The evolving shift in consumer preferences for multi-modal feedback reinforces our belief that haptics will be integral to the future of spatial computing. This is further compounded by the shift of virtual reality Original Equipment Manufacturers (OEMs), such as Apple’s Vision Pro and Meta’s Quest, towards hand and eye tracking, moving away from traditional physical controllers. This transition opens up an opportunity for a user-friendly and compelling haptic device.
Common devices currently use vibration motors, rumble motors, force feedback, tactile feedback suits, or touch feedback. At Konvoy, we assert that any successful haptic solution needs to be mobile, transparent, and universal. This belief is the basis for our recently announced pre-seed investment in Afference, a company developing a wearable neural interface. Afference's innovation not only seamlessly integrates with any hand tracking environment but also provides an artificial sense of touch in virtual worlds.

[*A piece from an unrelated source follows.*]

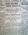 Page 19 has a one column heading: "ANTON VAN ROOY, SINGER, DEAD AT 62" with subheads. (see) First report coverage on the death of Anton van Rooy, Dutch bass-baritone opera singer. I suspect this is one of the few publications to report this particular event as other titles in our inventory do not.
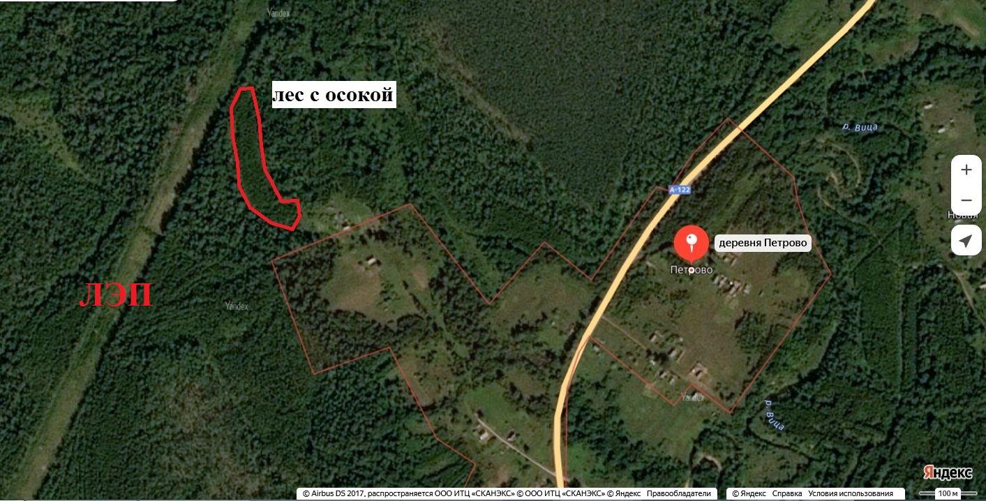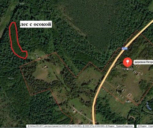 Это бывшее поле, на котором сейчас растёт молодой лес, хорошо видно на Яндекс-картах. Получается, что осока трясунковидная произрастает здесь на площади 90 соток. Впечатляющий результат всего за 30 лет! Наверное, это самое обширная популяция в Новгородской области!

Takeaway: Haptic technology, prevalent but often unnoticed in our daily lives, is integral for immersive experiences and will be core to the future of spatial computing. As spatial computing evolves, haptics play a pivotal role in sensory augmentation, intuitive interaction, spatial awareness, and accessibility. Despite current limitations, a key part of the future of immersive virtual worlds lies in consumer-grade haptics that are mobile, transparent, and universal. This thesis is the foundation for why we led the pre-seed round in Afference and why we are thrilled to watch this sub-vertical of technology expand even further.